Note the +c in position (8,2). Then [1,2,3] are correct up to this typo:

• the block owned by processor (1,0) is
  

  Code: Select all

  -s -c  a  c
-s -c  a  c
-s -c  a  c
-s +c -a  c


  
  as mentionned in [3] and done in exampe1.f [1,2].
  
• the solution vector is
  

  Code: Select all

  ( x1 )   (   0  )
( x2 )   ( -1/6 )
( x3 )   (  1/2 )
( x4 )   (   0  )
( x5 ) = (   0  )
( x6 )   (   0  )
( x7 )   ( -1/6 )
( x8 )   (  1/2 )
( x9 )   (   0  )


  
  and is distributed as
  

  Code: Select all

  proc(0,0)                       proc(1,0)
(x1)    ( b1 )   (   0  )       (x3)    ( b1 )   (  1/2 )
(x2)    ( b2 )   ( -1/6 )       (x4)    ( b2 )   (   0  )
(x5)    ( b3 ) = (   0  )       (x7)    ( b3 ) = ( -1/2 )
(x6)    ( b4 )   (   0  )       (x8)    ( b4 )   (  1/6 )
(x9)    ( b5 )   (   0  )


  
  as mentioned on [3].
That's an easy fix, but the matrix looks ugly.
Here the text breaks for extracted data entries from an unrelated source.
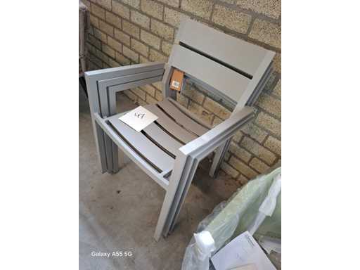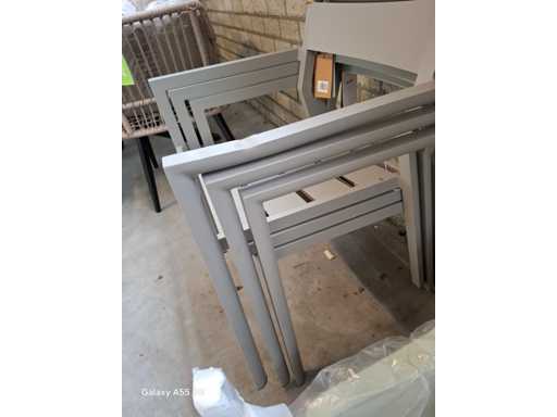 Der elegant lackierte Gartenstuhl besteht aus einem aluminium-pulverbeschichteten Rahmen, Sitz und Rückenlehne flach. Die Tatsache, dass der Sitz aus Aluminium besteht, bietet neben seiner Stabilität den großen Vorteil, dass er sehr leicht ist und der Stuhl leicht zu bewegen ist.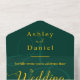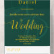 Esta elegante invitación de boda verde y dorada es perfecta para una boda moderna. el diseño simple presenta elegante caligrafía dorada sobre un fondo verde.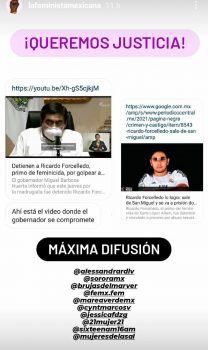 “Fui víctima de Ricardo Forcelledo que es primo del feminicida Manuel Forcelledo, Ricardo ha podido comprar a las autoridades y le dieron prisión domiciliaria, pero tenemos miedo porque ha seguido amenazando y parece que no hay justicia a pesar de haber puesto denuncias”, se lee en un mensaje.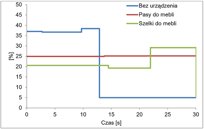 Rys. 9. Wartości obciążenia średniego wszystkich nadanych mięśni [%] w funkcji czasu podczas przemieszczania ładunku o masie 20 kg z zastosowaniem pasów i szelek do mebli oraz bez ich użycia (bez urządzenia).

• or you keep the matrix from the example:
  

  Code: Select all

   s  c  a  l  a  p  a  c  k
-s  c  a  l  a  p  a  c  k
-s -c  a  l  a  p  a  c  k
-s -c -a  l  a  p  a  c  k
-s -c -a -l  a  p  a  c  k
-s -c -a -l -a  p  a  c  k
-s -c -a -l -a -p  a  c  k
-s -c -a -l -a -p -a  c  k
-s -c -a -l -a -p -a -c  k


  
  Then [1,2,3]:
  
  • the block owned by processor (1,0) is
    

    Code: Select all

    -s -c  a  c
-s -c  a  c
-s -c  a  c
-s -c -a  c


    
    so code example1.f needs to amended [1,2] and [3] needs to be
    modified.
  • the solution vector is
    

    Code: Select all

    ( x1 )   (   0  )
( x2 )   ( -1/6 )
( x3 )   (  1/2 )
( x4 )   (   0  )
( x5 ) = (   0  )
( x6 )   (   0  )
( x7 )   (   0  )
( x8 )   (   0  )
( x9 )   (   0  )


    
    and is distributed as
    

    Code: Select all

    proc(0,0)                       proc(1,0)
(x1)    ( b1 )   (   0  )       (x3)    ( b1 )   (  1/2 )
(x2)    ( b2 )   ( -1/6 )       (x4)    ( b2 )   (   0  )
(x5)    ( b3 ) = (   0  )       (x7)    ( b3 ) = (   0  )
(x6)    ( b4 )   (   0  )       (x8)    ( b4 )   (   0  )
(x9)    ( b5 )   (   0  )


    
    so [3] needs to be corrected.

Either way.
(We never found the time to correct these mistakes.)

--julien

[1] ScaLAPACK example1.f,
http://www.netlib.org/scalapack/examples/example1.f.
[2] ScaLAPACK Users' Guide Section: Source Code for Example
Program #1,
http://www.netlib.org/scalapack/slug/node27.html.
[3] ScaLAPACK Users' Guide Section: Details of Example Program #1,
http://www.netlib.org/scalapack/slug/node28.html.

NB: when you print your vector on each processor, be sure not to exceed
the vector size. In your case, the local size of the vector X on proc (0,0) is
5, while the local size of the vector X on proc(1,0) is 4 and while on proc
(1,0), (1,1), (2,0) and (2,1) there is no vector X at all.